# When the gases sulphur dioxide and hydrogen sulphide mix in the presence of water, the reaction "SO"_2 + 2"H"_2"S" -> 2"H"_2"O" + 3"S" occurs. Here hydrogen sulphide is acting as?

## a) an oxidizing agent b) a reducing agent c) a dehydrating agent d) a catalyst

Jun 28, 2018

Hydrogen sulphide is a reducing agent.

#### Explanation:

A good starting point for any reaction is to look at oxidation numbers. If they change, a redox reaction has occurred.

Here are some thoughts.

A dehydrating agent will extract water from another reactant. I would say that you need a hydroxyl (OH) group for this to occur. A dehydrating agent could be an acid and protonate the OH group, which can then leave as water.

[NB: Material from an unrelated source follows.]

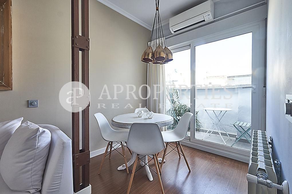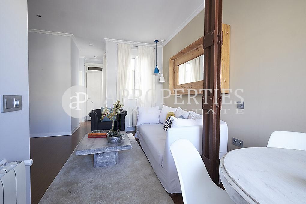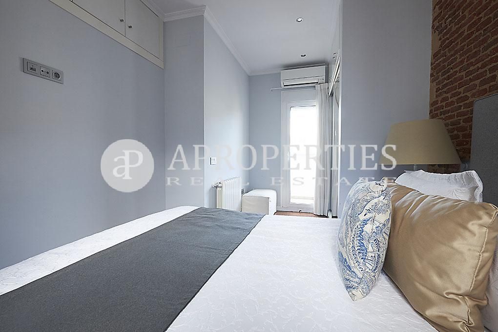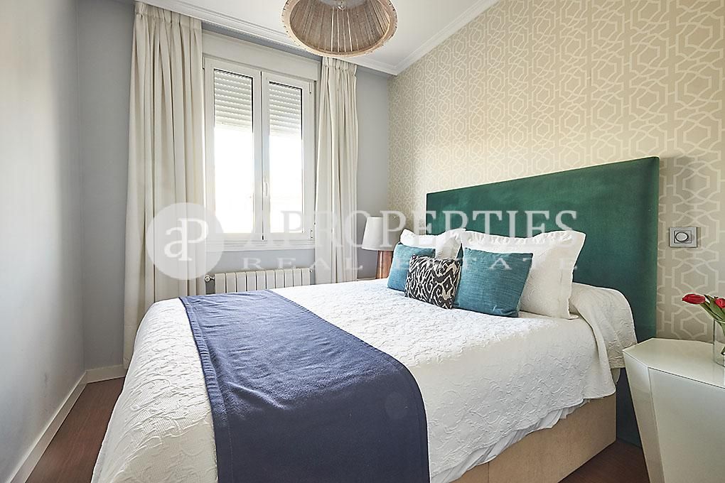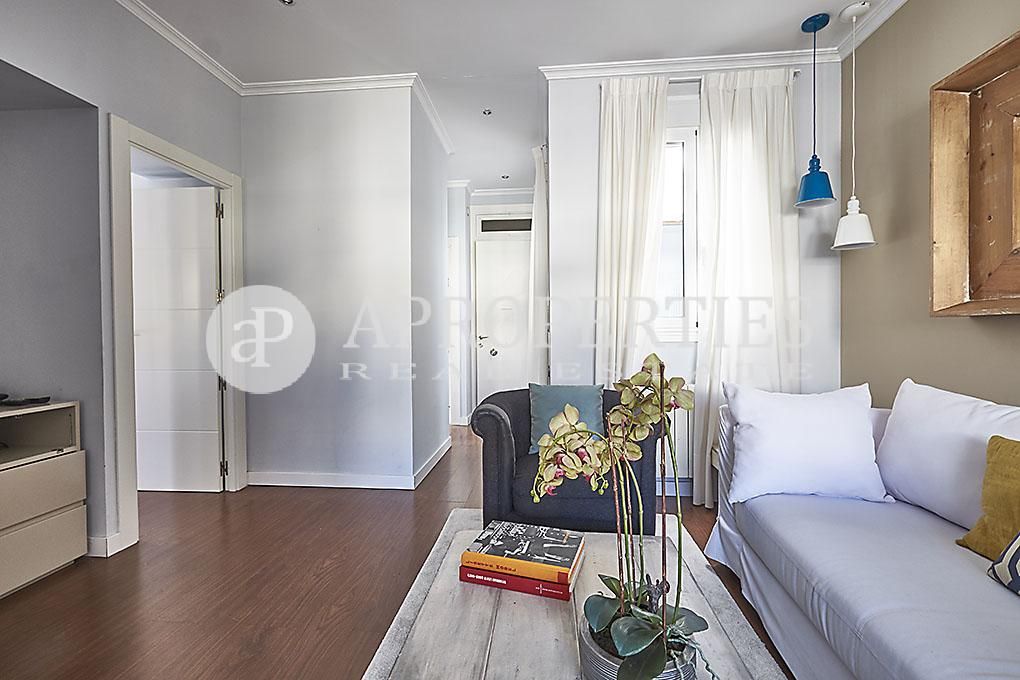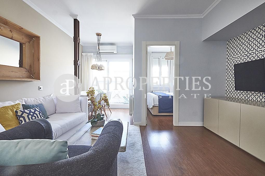 Espectacular y luminoso ático con vistas a la Plaza del Marqués de Salamanca. El apartamento está totalmente amueblado y equipado, listo para entrar y se compone de salón comedor con terraza; cocina independiente amueblada; dos dormitorios dobles con cama de matrimonio y armarios vestidos, uno de ellos con terraza; y un cuarto de baño con plato de ducha. Las paredes están pintadas en liso y tiene suelo de madera. La vivienda cuenta con aire acondicionado y calefacción por gas natural. Toda la zona esta perfectamente comunicada con transporte público.

A catalyst is not used up in the reaction, so is hydrogen sulphide used up?

Hydrogen is usually in a +1 oxidation state and oxygen a -2 state.

Reactants

${H}_{2}^{\textcolor{red}{+ 1}} {S}^{\textcolor{b l u e}{- 2}}$

${S}^{\textcolor{red}{+ 4}} {O}_{2}^{\textcolor{b l u e}{- 2}}$

Products

${S}^{\textcolor{red}{0}}$

${H}_{2}^{\textcolor{red}{+ 1}} {O}^{\textcolor{b l u e}{- 2}}$

Look at ${H}_{2} S$, the oxidation number of sulphur has gone from -2 to 0. This means that it has been oxidised and is therefore a reducing agent.

For $S {O}_{2}$, the oxidation number of sulphur has gone from +4 to 0. This is a reduction and makes $S {O}_{2}$ an oxidising agent. We can essentially ignore H and O in this case as they don't change.